Saturday, 25 July 2015

Transporting and Accessing Charge at EHV, Part III

Dissectible, fast-switching supercapacitors?

The main reason for the very low current calculated last time is that the dissectible capacitor analysed had a very small capacitance.

We could do far better, if we could obtain a capacitor having three essential requirements:—

1)  It must have a large capacitance — the bigger the better — in a reasonably small size.

2)  It must still be dissectible.

3)  It must still be able to be charged and discharged rapidly — the quicker the better.



Fig.3 D-cell sized supercapacitors.
Image from http://www.maxwell.com/products/ultracapacitors/d-cell-series


Nowadays capacitors of very high capacitance are readily available, such as the supercapacitors shown in Figure 3, which have a rated value of 310 farad at 2.7 volts, in a D-cell size (for version BCAP0310 P270 T10).

A D-cell has a nominal diameter of 33.2 mm, and a nominal height of 61.5 mm. So it has an external surface area of 8154.9 mm², i.e. the same as a sphere of about 25.5 mm radius.

So, requirement 1) above can certainly be met now. Unfortunately, as far as I know, supercapacitors currently cannot meet the other two requirements. They are not dissectible, nor can they be charged/discharged rapidly.

However, also as far as I know, there are no fundamental scientific or technological reasons preventing capacitors from existing that would meet all three of the above requirements. In what follows I'll assume that such capacitors will become available in the not-too-distant future.

Calculations for a fast-switching, dissectible supercapacitor

I'll now analyse, in broad outline, a seven-stage cycle of operation for a hypothetical fast-switching, dissectible supercapacitor, being used to transport charge into a dome already at high voltage.

1) Charge a capacitor rated as above to its full voltage. Then its stored energy is:—

UE = ½CV² = ½ × 310 × 2.7² = 1129.95 joules

Its stored charge is:—

q = CV = 310 × 2.7 = 837 coulombs

Note that q is the charge on either plate, not on both plates combined (which is +q +(-q) = 0). Also, while the capacitor is assembled, the charges on its plates are bound, and contained within its can, i.e. its outer metal container. 

2) Physically transport the capacitor into the inside of a metal dome, already at a voltage of say 800kV. The capacitor can is itself initially uncharged, so no energy is expended against the dome's voltage gradient during this transport.

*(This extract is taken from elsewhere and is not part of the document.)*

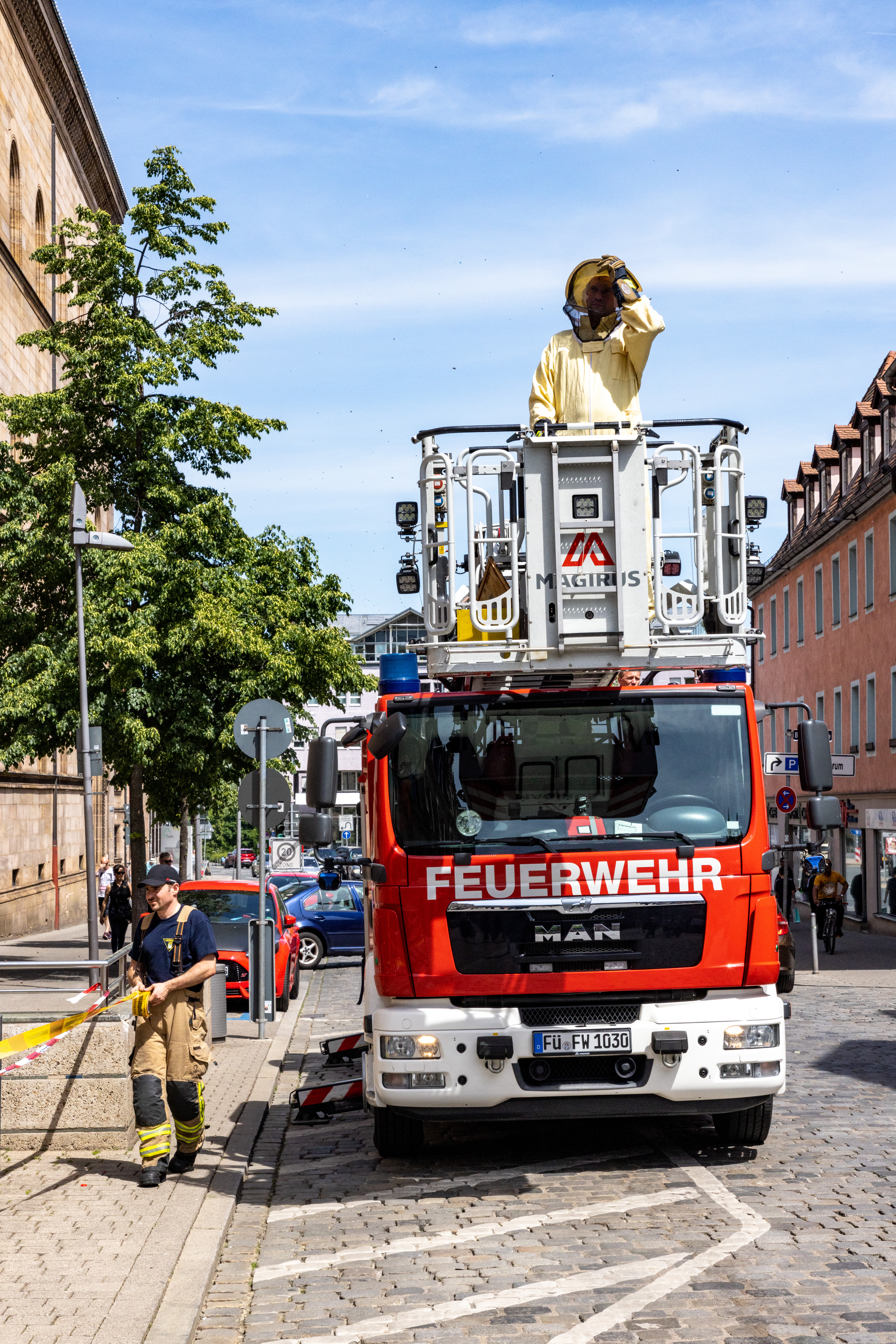 | Beschreibung | Bienenvolk auf Wanderschaft - eingefangen durch die Feuerwehr Fürth, Mai 2022 | ||

3) [This step is not essential, but would probably occur incidentally, so the required energy should be checked] Charge the capacitor can to the dome voltage of 800kV.

The can (comparable to a sphere of about 25.5mm radius) has a capacitance of approximately:—

C = 4πε0R = 4π × 8.854 × 10-12 × 0.0255 = 2.837 pF

The energy required to charge this to 800kV is:—

UE = ½CV² = ½ × 2.837 × 10-12 × 800,000² = 0.908 J (i.e. a negligibly small energy expenditure).

4) Dissect the capacitor, and deliver charge from the plate of the desired polarity to the dome. Recall that, provided the capacitor is dissected to the extent that the charges on its plates are no longer bound, all of the 837 coulombs of initial charge must go to the dome at 800kV, so there would be an energy gain of:—

UE = ½qV = ½ × 837 × 800,000 = 334,800,000 J

In order to dissect the capacitor, force will need to be exerted over distance, which would generally follow a curve of shape depending on the capacitor's construction. I shall not attempt to analyse this in detail, but I doubt that any such force vs distance curve, when integrated, could substantially exceed the energy required to initially charge the capacitor.

If so, we would gain 334,800,000 joules for an expenditure of not much more than 1130 joules, negligible by comparison. This is an energy gain ratio approaching 300,000 : 1.

5) Neutralise unwanted charge on the other plate of the capacitor, e.g. by connecting it via a wire to Earth.

6) Reassemble the capacitor (still inside the dome). Since both plates are now uncharged, there is no energy loss or gain in this step.

7) Remove the capacitor from the dome. Again there is essentially no energy loss or gain in this step.

The next cycle of operation can then begin.

A possible variation

As a variation to the above cycle, it might be possible (and preferable) to keep the capacitor components always within the dome, as shown and described last time, rather than transporting the assembled capacitor as in steps 2) and 7).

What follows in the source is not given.